Bill Nunn Jr. – a worthy candidate for the Pro Football Hall of Fame

Whether Bill Nunn Jr. makes the Pro Football Hall of Fame or not, he surely led a life of adventure, overcoming challenges and making the most of the opportunities around him. Any one of these highlights below would be remarkable for most of us, but he lived them all.

And, above all, he lived a life of love. On the same day the Pro Football Hall of Fame selected him as a finalist in the contributor category for the Class of 2021, his widow, Frances, passed away. As with so much about Nunn’s life, you can’t make up this stuff.

Bill Nunn Jr. Journalist and Steelers scout

Home: Nunn grows up in Pittsburgh’s Hill District, which is the center of Black life in the city. His father works as managing editor for one of the nation’s largest Black newspapers, the Pittsburgh Courier, with a dozen editions all around the United States. Athletes and entertainers who cannot stay in public hotels end up in the home: Joe Louis, Count Basie, Stepin Fetchit, etc. 
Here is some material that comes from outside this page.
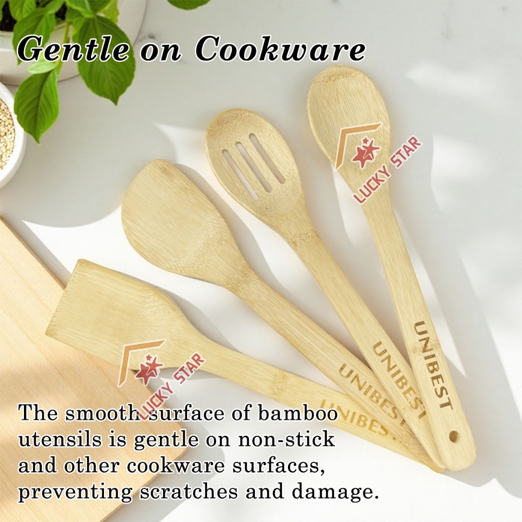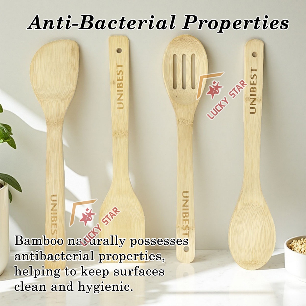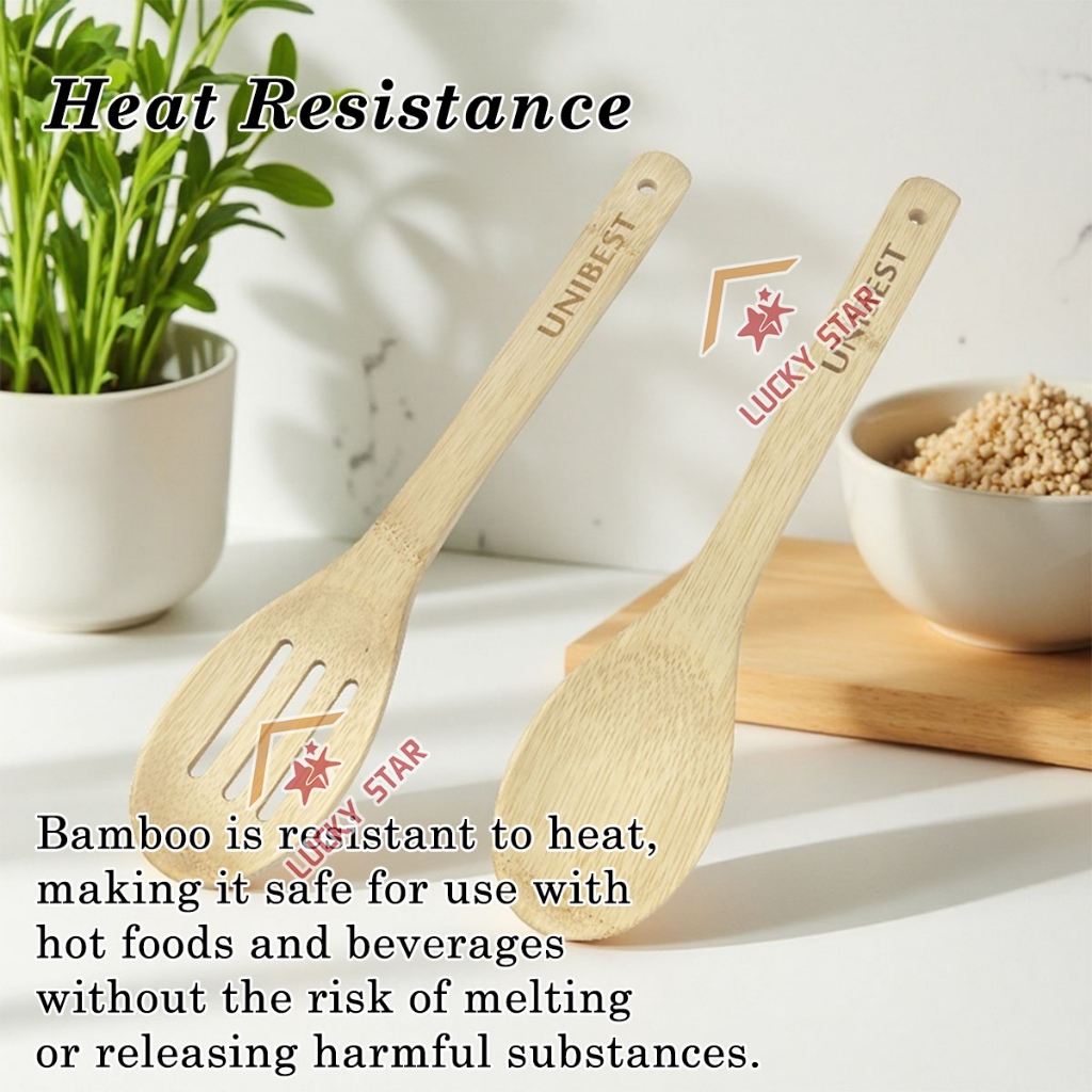 UNIBEST Bamboo Ladles Kitchen Utensils And Cooking Tools Bamboo Spatula Turner Slotted Spoon

Basketball: Nunn plays in high school with the first Black player drafted by the NBA, Chuck Cooper, and he plays in college (an HBCU, West Virginia State) with the first Black to play in an NBA game, Earl Lloyd (due to a quirk of scheduling, Lloyd played before Cooper). When he graduates college, Nunn has options to try out for the NY Knicks and become the league’s first black player, to join the Harlem Globetrotters, or to become a newspaper reporter. Nunn takes the path he believes will bring him the most money and fame – becoming a newspaper reporter (if only this was still true). 

Journalism: Nunn joins the Pittsburgh Courier as a sports reporter, and one of his first assignments is to cover the Negro leagues’ East-West all-star game at Chicago’s Comiskey Park. After Jackie Robinson and other stars go to MLB, the Negro leagues start into decline and Nunn catches the end of it. He works at the newspaper with Wendell Smith, the reporter who convinced Branch Rickey to integrate baseball and who then traveled everywhere with Robinson in his first year (Smith is the character in the movie 42 who reports from the stands with a typewriter on his lap). At first, Nunn sits in the stands to cover the first black players in Major League Baseball too. Eventually, he beomes the first Black reporter to sit in the press box at Pittsburgh’s Forbes Field. 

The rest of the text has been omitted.